Assignment
Beginning with the line that contains "店頭でもとっても 人気なこちらのスタイリング❤︎ 異素材なバランス感がとっても可愛いです!!" and ending with the line that contains "太平年間,秦國提取蜀地的財富", reproduce the lines of the entries below exactly, omitting pictures.
[Opening Available records section]
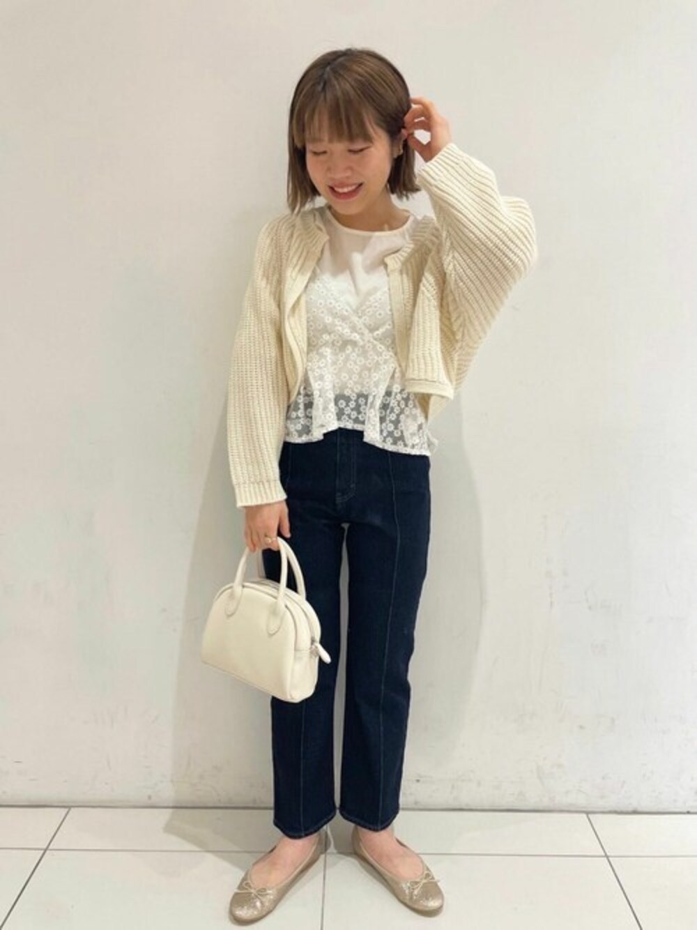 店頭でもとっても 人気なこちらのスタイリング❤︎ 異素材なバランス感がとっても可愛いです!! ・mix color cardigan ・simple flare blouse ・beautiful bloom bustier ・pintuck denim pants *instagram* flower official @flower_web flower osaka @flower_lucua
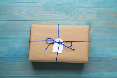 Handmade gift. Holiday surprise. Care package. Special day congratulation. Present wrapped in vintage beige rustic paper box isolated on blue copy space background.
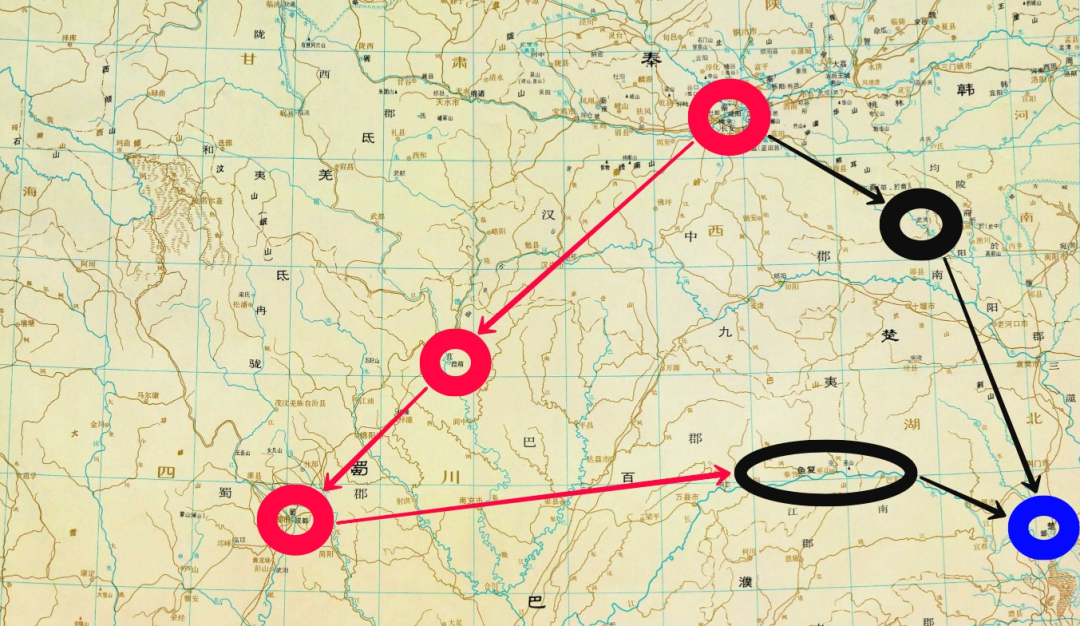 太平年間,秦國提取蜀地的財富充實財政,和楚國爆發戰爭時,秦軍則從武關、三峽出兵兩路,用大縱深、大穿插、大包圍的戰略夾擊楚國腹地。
[Closing Available records section]
[Opening Available records section]
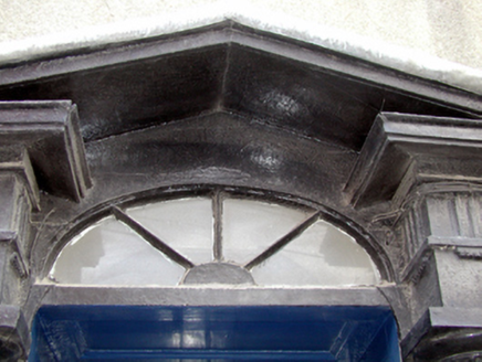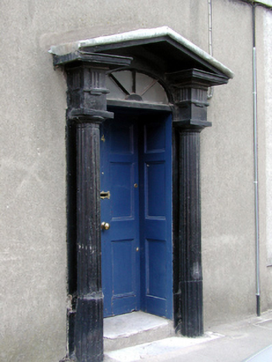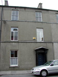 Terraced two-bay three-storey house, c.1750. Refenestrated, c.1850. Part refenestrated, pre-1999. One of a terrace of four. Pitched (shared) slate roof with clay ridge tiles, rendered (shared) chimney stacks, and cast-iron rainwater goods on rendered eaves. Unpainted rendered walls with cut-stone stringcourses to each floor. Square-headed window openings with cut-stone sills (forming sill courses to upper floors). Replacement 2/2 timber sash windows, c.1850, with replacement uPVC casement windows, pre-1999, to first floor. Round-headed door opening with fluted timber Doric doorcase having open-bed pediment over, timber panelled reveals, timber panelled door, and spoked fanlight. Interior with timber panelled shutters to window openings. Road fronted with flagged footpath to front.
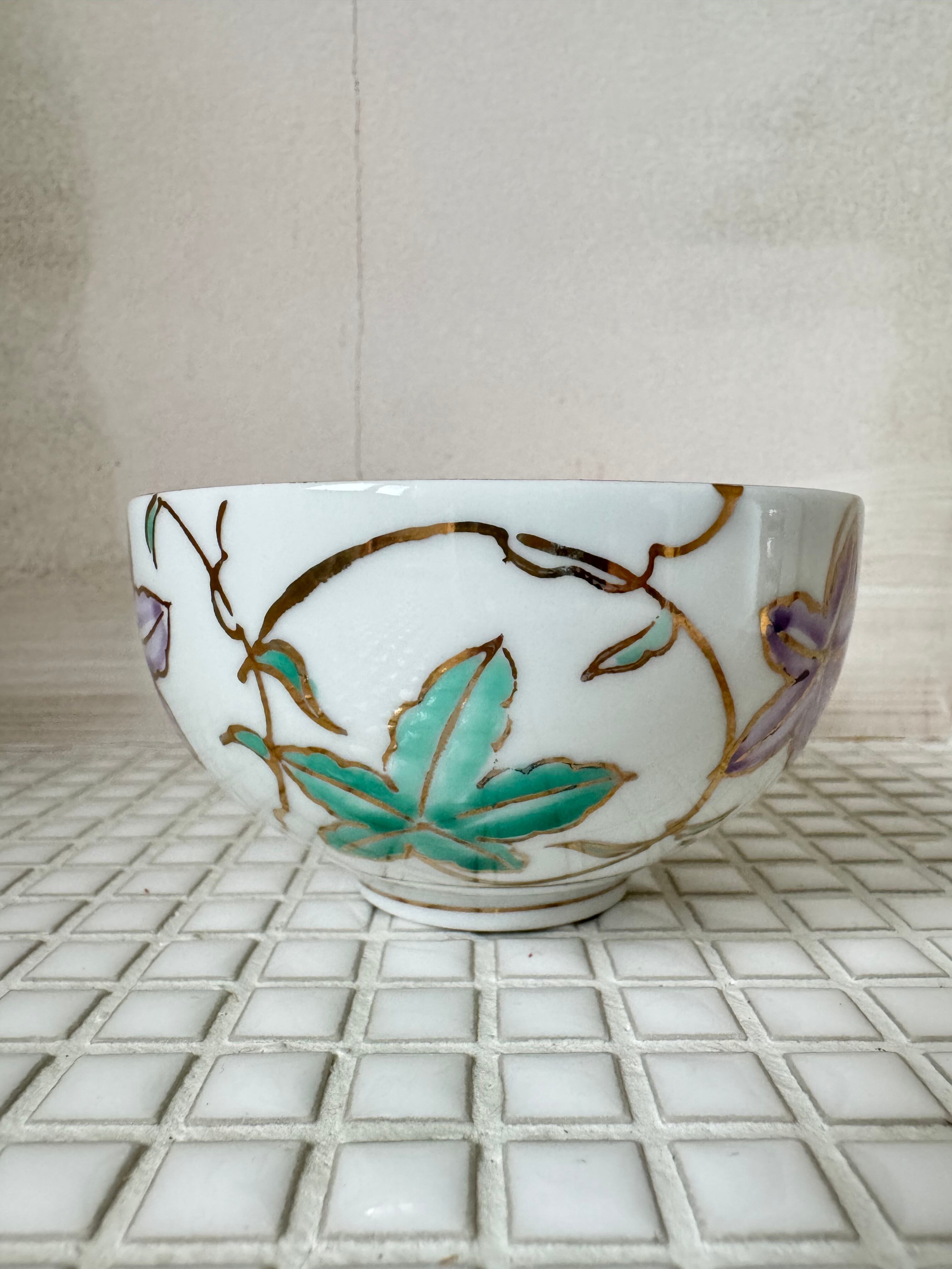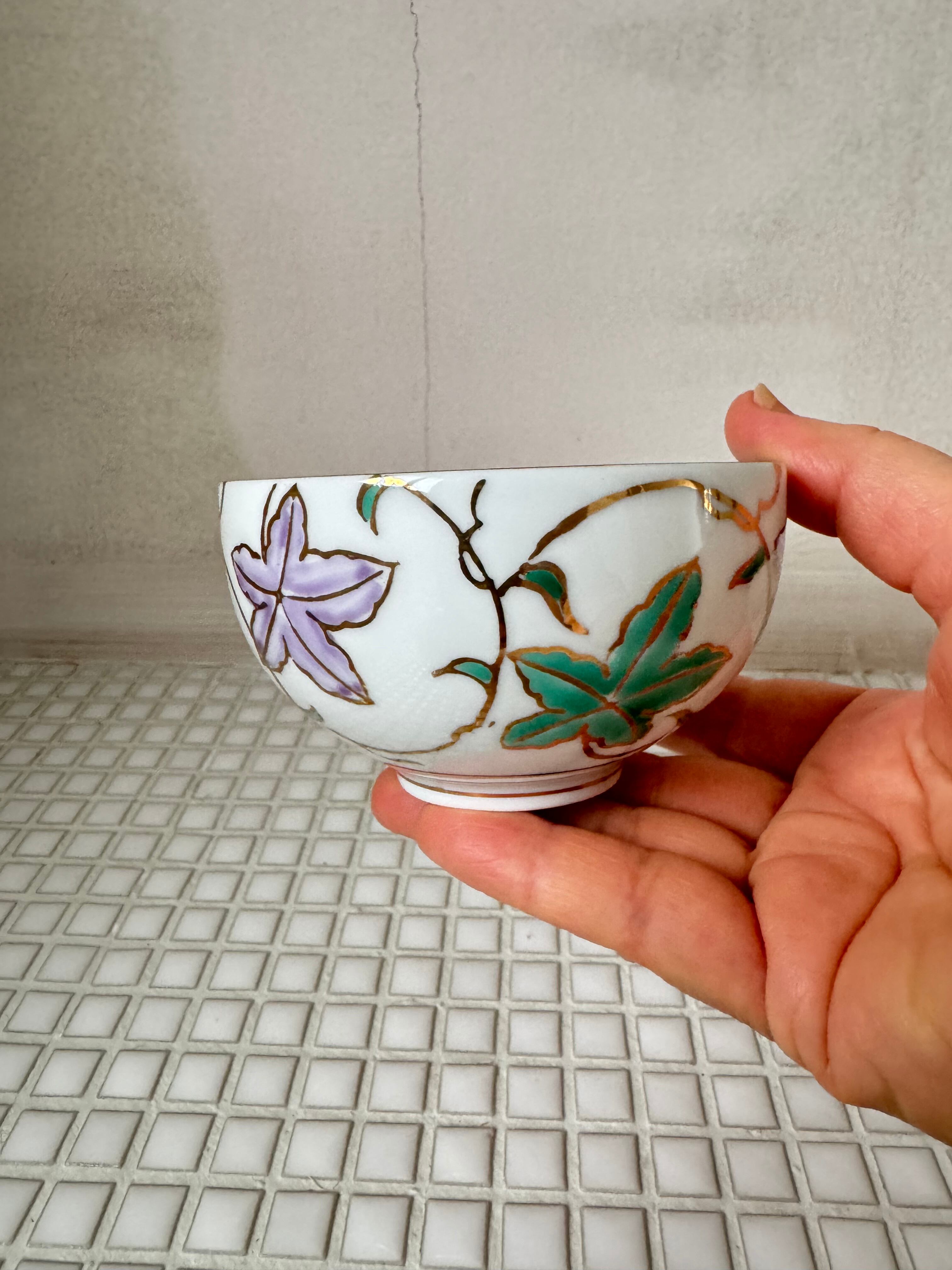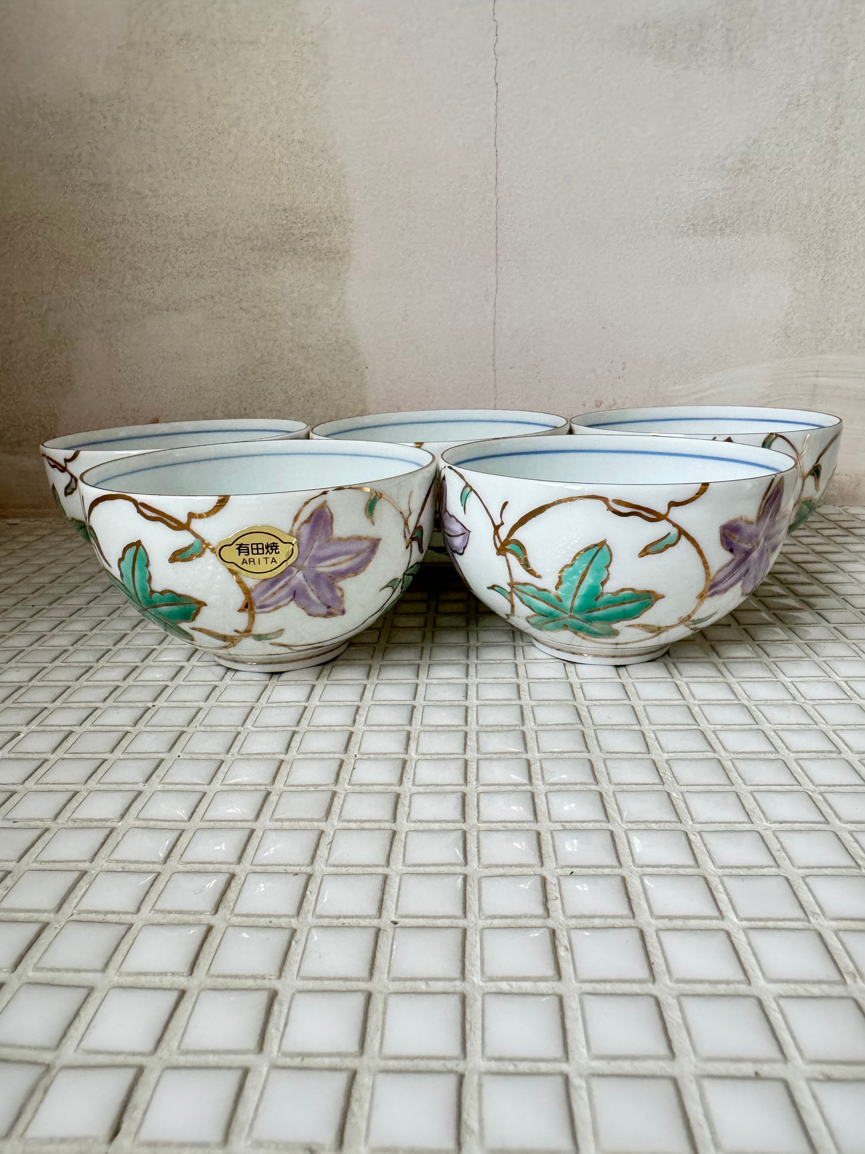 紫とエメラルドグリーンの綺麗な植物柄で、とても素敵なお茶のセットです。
[Closing Available records section]
[Opening Available records section]
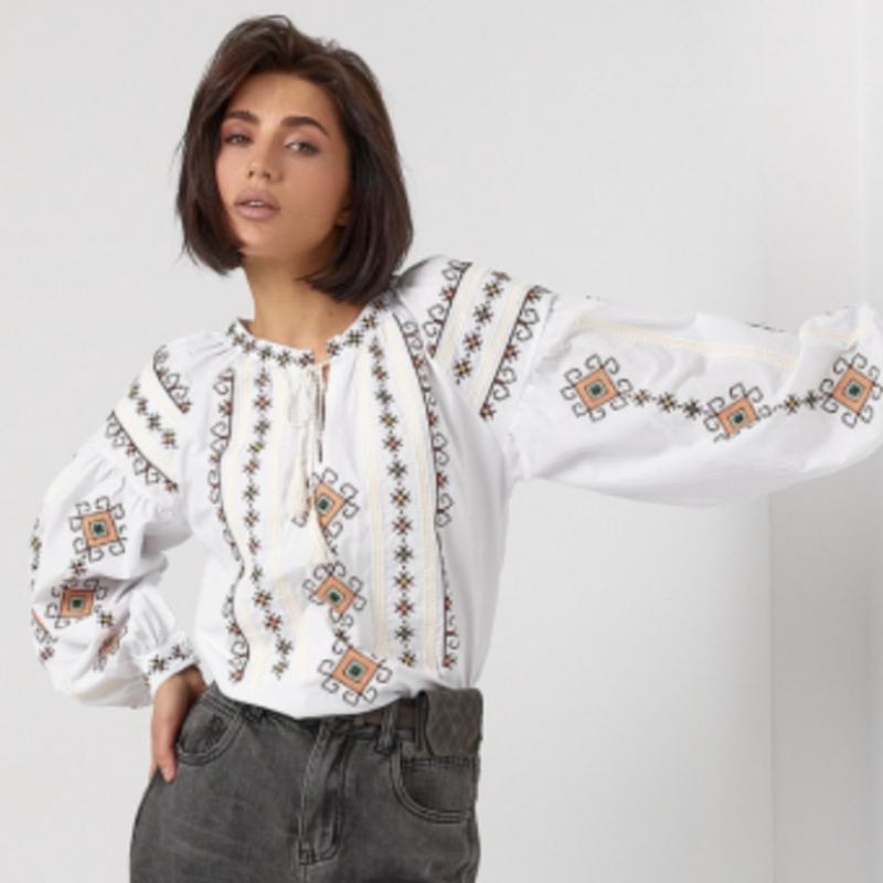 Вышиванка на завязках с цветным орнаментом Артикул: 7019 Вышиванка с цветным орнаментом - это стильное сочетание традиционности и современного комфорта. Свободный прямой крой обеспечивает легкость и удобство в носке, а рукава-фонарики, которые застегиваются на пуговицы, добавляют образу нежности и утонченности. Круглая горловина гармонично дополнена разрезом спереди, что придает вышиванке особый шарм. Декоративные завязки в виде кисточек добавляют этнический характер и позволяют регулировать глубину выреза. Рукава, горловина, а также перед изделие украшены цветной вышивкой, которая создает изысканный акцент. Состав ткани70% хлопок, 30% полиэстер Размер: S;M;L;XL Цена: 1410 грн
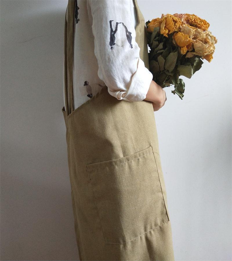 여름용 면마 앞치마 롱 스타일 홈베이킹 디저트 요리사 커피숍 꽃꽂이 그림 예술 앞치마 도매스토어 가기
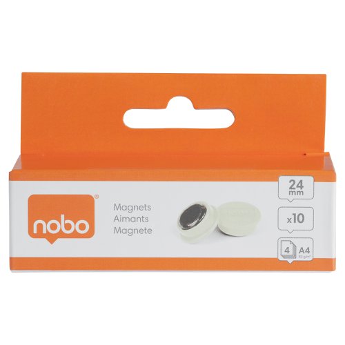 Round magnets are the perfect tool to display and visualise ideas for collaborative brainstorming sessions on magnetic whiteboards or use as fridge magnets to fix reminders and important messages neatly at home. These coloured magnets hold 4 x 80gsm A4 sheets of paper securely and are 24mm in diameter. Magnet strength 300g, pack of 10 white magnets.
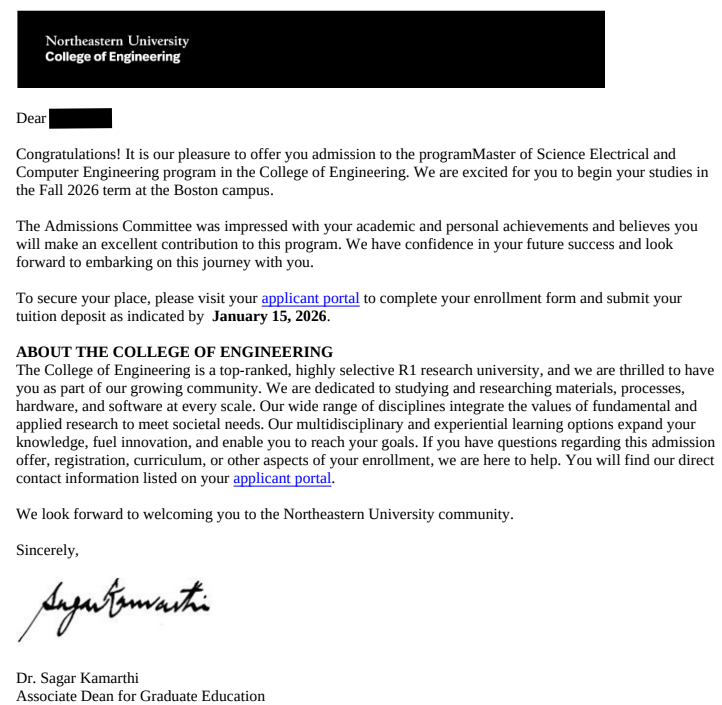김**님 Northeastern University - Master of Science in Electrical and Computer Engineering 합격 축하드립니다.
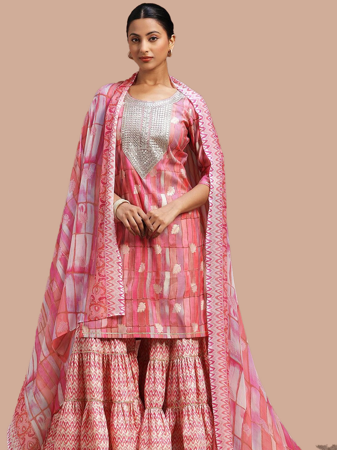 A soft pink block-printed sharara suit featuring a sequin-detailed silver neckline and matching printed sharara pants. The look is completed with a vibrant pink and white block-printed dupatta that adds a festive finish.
[Closing Available records section]
Your solution
 店頭でもとっても 人気なこちらのスタイリング❤︎ 異素材なバランス感がとっても可愛いです!! ・mix color cardigan ・simple flare blouse ・beautiful bloom bustier ・pintuck denim pants *instagram* flower official @flower_web flower osaka @flower_lucua
 Handmade gift. Holiday surprise. Care package. Special day congratulation. Present wrapped in vintage beige rustic paper box isolated on blue copy space background.
 太平年間,秦國提取蜀地的財富充實財政,和楚國爆發戰爭時,秦軍則從武關、三峽出兵兩路,用大縱深、大穿插、大包圍的戰略夾擊楚國腹地。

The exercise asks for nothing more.